### Exercise:
In this exercise, the entries below include pictures. Repeat exactly the lines from the line with "支部重視青年文明號建設(sh" to the line with "永芳堂与其说是一座楼,不如说", including both, but without the pictures.

### Available data:
________________________________________
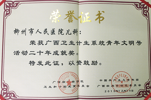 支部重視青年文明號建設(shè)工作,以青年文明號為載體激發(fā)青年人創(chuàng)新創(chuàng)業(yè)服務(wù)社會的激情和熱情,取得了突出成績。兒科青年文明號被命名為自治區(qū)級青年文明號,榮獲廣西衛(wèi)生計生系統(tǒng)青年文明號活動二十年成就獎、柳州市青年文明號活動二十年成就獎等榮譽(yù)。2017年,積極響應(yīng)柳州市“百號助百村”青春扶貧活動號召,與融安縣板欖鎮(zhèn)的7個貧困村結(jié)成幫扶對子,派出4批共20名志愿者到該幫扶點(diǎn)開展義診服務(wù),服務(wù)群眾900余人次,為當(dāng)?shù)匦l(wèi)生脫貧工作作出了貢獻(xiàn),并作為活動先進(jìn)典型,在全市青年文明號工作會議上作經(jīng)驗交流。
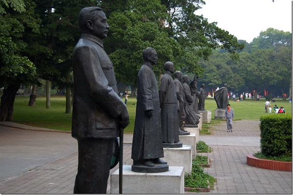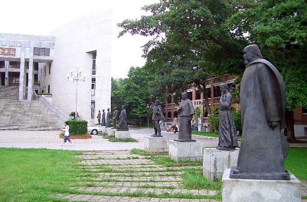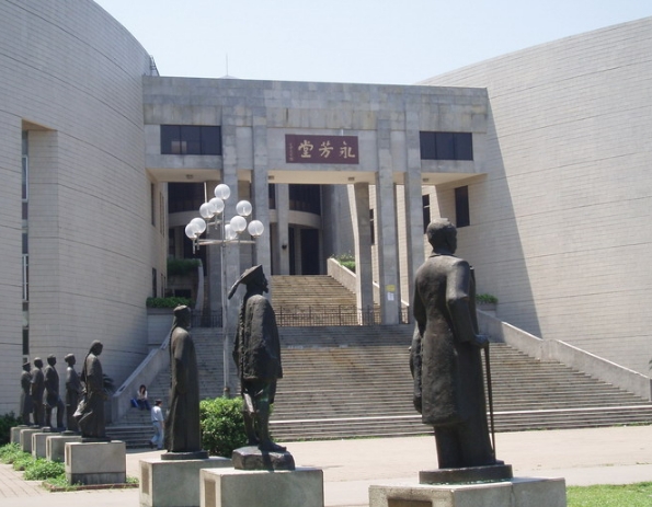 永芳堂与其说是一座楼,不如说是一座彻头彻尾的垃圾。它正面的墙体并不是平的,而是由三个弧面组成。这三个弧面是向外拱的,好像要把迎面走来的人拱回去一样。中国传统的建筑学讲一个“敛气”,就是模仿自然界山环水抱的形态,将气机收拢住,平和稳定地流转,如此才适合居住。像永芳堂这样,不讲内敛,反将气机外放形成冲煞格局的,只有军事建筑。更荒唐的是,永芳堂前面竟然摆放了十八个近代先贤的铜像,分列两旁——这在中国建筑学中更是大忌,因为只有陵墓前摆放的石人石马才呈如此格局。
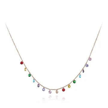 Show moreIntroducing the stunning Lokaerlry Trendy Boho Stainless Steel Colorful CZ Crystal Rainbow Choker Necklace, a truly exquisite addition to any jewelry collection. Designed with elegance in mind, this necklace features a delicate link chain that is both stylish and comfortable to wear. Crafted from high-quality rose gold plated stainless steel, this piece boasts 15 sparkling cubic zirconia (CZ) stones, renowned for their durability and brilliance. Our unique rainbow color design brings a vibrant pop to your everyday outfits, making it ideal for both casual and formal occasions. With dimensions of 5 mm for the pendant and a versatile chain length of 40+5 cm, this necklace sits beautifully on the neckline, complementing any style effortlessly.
________________________________________
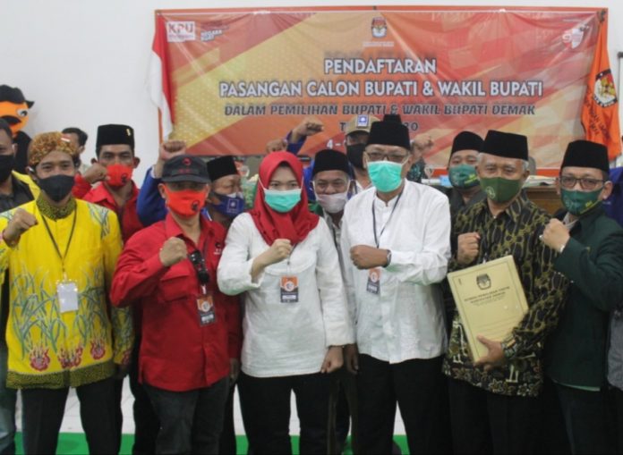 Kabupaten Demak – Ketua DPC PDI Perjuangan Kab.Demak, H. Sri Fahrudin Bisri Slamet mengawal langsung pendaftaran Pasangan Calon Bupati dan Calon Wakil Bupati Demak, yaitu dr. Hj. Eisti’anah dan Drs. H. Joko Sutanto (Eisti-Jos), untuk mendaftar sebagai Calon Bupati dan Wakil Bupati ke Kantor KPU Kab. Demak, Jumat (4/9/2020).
________________________________________
### Answer to the exercise:
 支部重視青年文明號建設(shè)工作,以青年文明號為載體激發(fā)青年人創(chuàng)新創(chuàng)業(yè)服務(wù)社會的激情和熱情,取得了突出成績。兒科青年文明號被命名為自治區(qū)級青年文明號,榮獲廣西衛(wèi)生計生系統(tǒng)青年文明號活動二十年成就獎、柳州市青年文明號活動二十年成就獎等榮譽(yù)。2017年,積極響應(yīng)柳州市“百號助百村”青春扶貧活動號召,與融安縣板欖鎮(zhèn)的7個貧困村結(jié)成幫扶對子,派出4批共20名志愿者到該幫扶點(diǎn)開展義診服務(wù),服務(wù)群眾900余人次,為當(dāng)?shù)匦l(wèi)生脫貧工作作出了貢獻(xiàn),并作為活動先進(jìn)典型,在全市青年文明號工作會議上作經(jīng)驗交流。
 永芳堂与其说是一座楼,不如说是一座彻头彻尾的垃圾。它正面的墙体并不是平的,而是由三个弧面组成。这三个弧面是向外拱的,好像要把迎面走来的人拱回去一样。中国传统的建筑学讲一个“敛气”,就是模仿自然界山环水抱的形态,将气机收拢住,平和稳定地流转,如此才适合居住。像永芳堂这样,不讲内敛,反将气机外放形成冲煞格局的,只有军事建筑。更荒唐的是,永芳堂前面竟然摆放了十八个近代先贤的铜像,分列两旁——这在中国建筑学中更是大忌,因为只有陵墓前摆放的石人石马才呈如此格局。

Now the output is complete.